**TASK TO COMPLETE**
Write out exactly the lines below from the one containing "LED雷达感应吸顶灯全亮转微亮智能切换三防灯工程定 制感应灯具" to the last, both ends kept, and nothing more; skip all pictures.

........

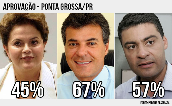 Levantamento do Paraná Pesquisas em Ponta Grossa, divulgado ontem, aponta o governador Beto Richa com 67,4% de aprovação, o prefeito Marcelo Rangel com 57,2% e a presidente Dilma Rousseff, com 45,7%. O instituto entrevistou 645 eleitores entre os dias 23 e 27 de junho – a margem de erro é de 4%.
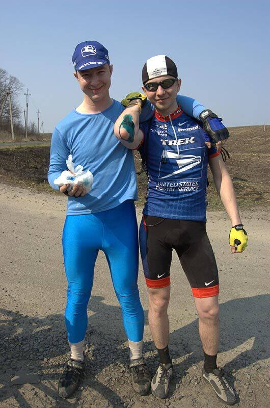 Пробег 115км. Средняя около 18. Вообщем все нормально прошло. От Харькова до Печенег сопровождал сильный попутный ветер. Весна порадовала разноцветными цветочками. От печенег до Чугуева разделились на две группы, одна по асфальту, другая :twisted: по песку против сильного ветра. Та что по асфальту немного раньше нас пришла. Многие участники нашей группы оставили силы в песках. И еще около 20минут потеряли времени, оказавшись в болотном тупике. Пришлось проехаться по бездорожью, где была спаленая трава и бугры с ямами. Некоторым такое пришлось по вкусу). на 5 часовую элку пришлось спешить и наша группа распалась по парам. Некоторые до Чугуева доехали позже к другой элке, которая была на 6.15.
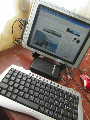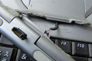 という嫌な音。オイラが使っているHPのTC1100、これ、キーボードのギミックが素敵なタブレットPCなんですが、旅で使っているうちに、キーボードのヒンジの部分にひび割れが生じていたんですよ。で、瞬間接着剤などを駆使しながら、なんとか使っていたんですが、今日、完全に逝ってしまいました。単純に折れたんなら、まだよかったんですが、折れた弾みで、コネクタの線まで、切れてしまいまして。接続して、キーボードを叩いても、ウンともスンともいわなくなってしまった。一応ラインは見えているので、半田があれば再生も可能だったんですが・・・半田を探すのも大変そうだったんで、ここは、もう、大幅リニューアルすることにしたんです。
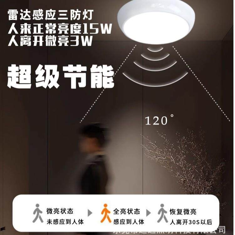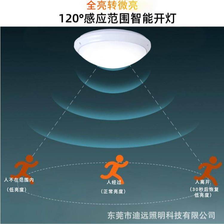 LED雷达感应吸顶灯全亮转微亮智能切换三防灯工程定 制感应灯具
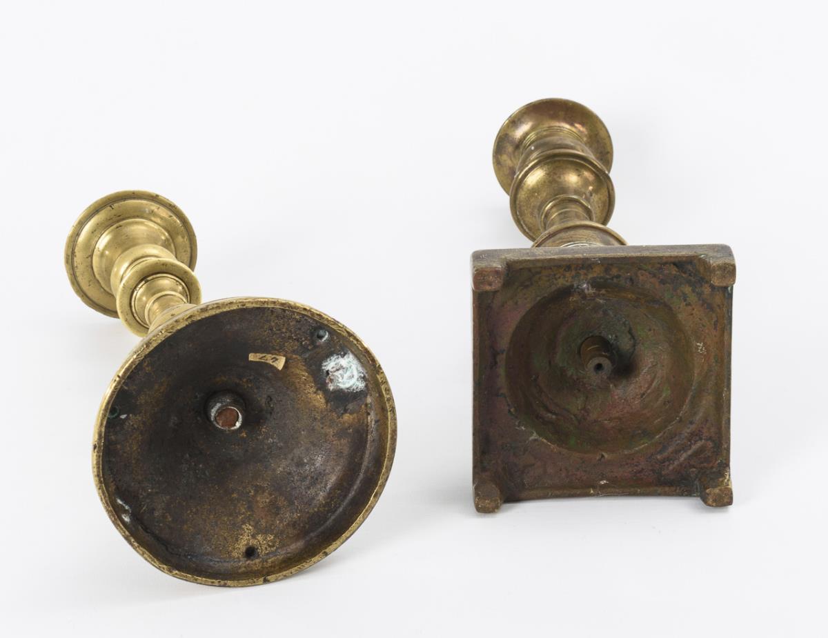 Massive bronze chandelier with baluster stem and vase grommets. Baroque chandelier with round base, probably baroque chandelier with square base. Holes in round base closed with hard solder from removed electrification, signs of age/use.

........

**ANSWER TO THIS PROBLEM**
 LED雷达感应吸顶灯全亮转微亮智能切换三防灯工程定 制感应灯具
 Massive bronze chandelier with baluster stem and vase grommets. Baroque chandelier with round base, probably baroque chandelier with square base. Holes in round base closed with hard solder from removed electrification, signs of age/use.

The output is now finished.